- Birth name: Marshall Eugene Jones
- Also known as: Rock Jones
- Born: January 1, 1941 Dayton, Ohio, U.S.
- Died: May 27, 2016 (aged 75) Houston, Texas, U.S.
- Genres: Funk
- Occupation: Bass player
- Instrument: Bass guitar

= Marshall "Rock" Jones =

Marshall Eugene "Rock" Jones (January 1, 1941 – May 27, 2016), professionally known as Rock Jones, was an American bass player. He is best known as a founding member and bassist of the funk, soul music and R&B band Ohio Players.

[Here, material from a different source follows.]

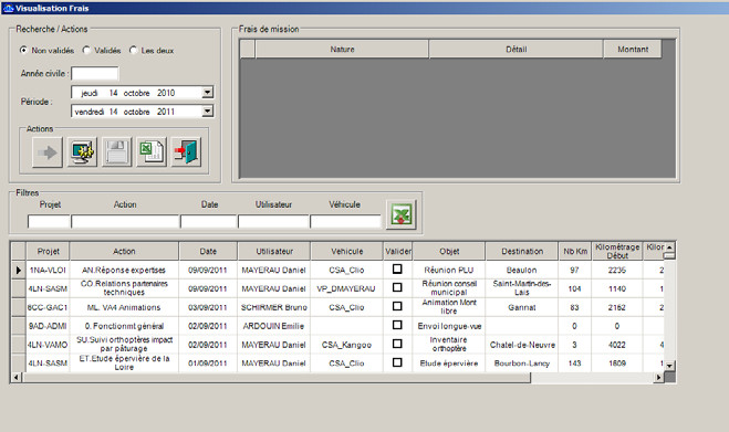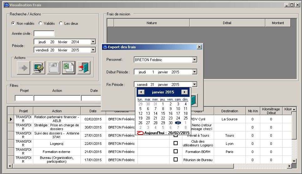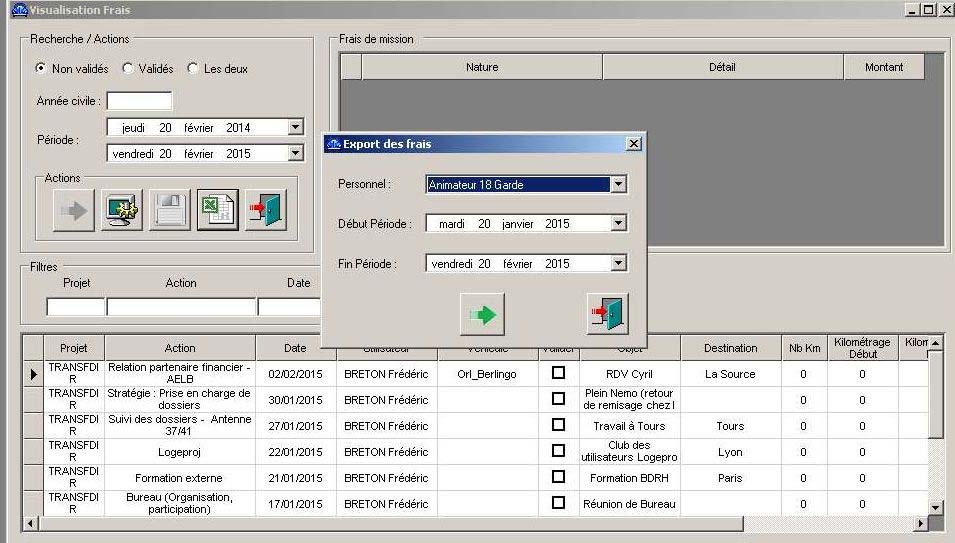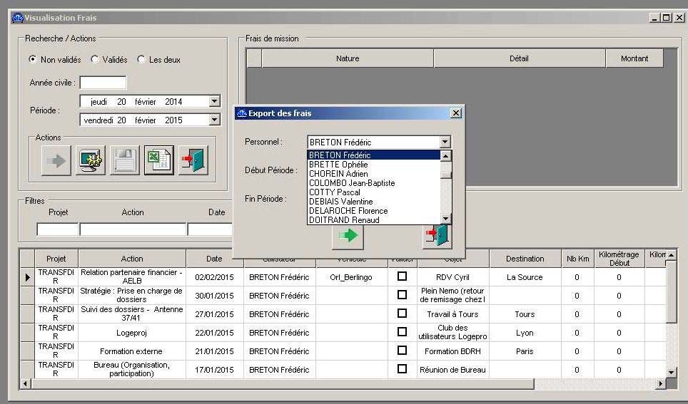 Celle-ci se fait dans le menu Outils -> Visualisation frais de déplacement qui affiche l’ensemble des frais de déplacement entrés dans Logeproj.

Marshall "Rock" Jones was born in Dayton, Ohio. He was with the band, when it was first formed in Dayton in 1959 as the Ohio Untouchables and initially included members Robert Ward (vocals/guitar), Marshall "Rock" Jones (bass), Clarence "Satch" Satchell (saxophone/guitar), Cornelius Johnson (drums), and Ralph "Pee Wee" Middlebrooks (trumpet/trombone). They were best known at the time as a backing group for The Falcons. Jones was known for wearing a turban on stage. With the Ohio Players he had No. 1 hits "Fire" (1974) and "Love Rollercoaster" (1975) on the Billboard Hot 100. He stayed with the band until 1984.

He was the last surviving member from the Ohio Untouchables line-up, and died of cancer in Houston, Texas, at age 75.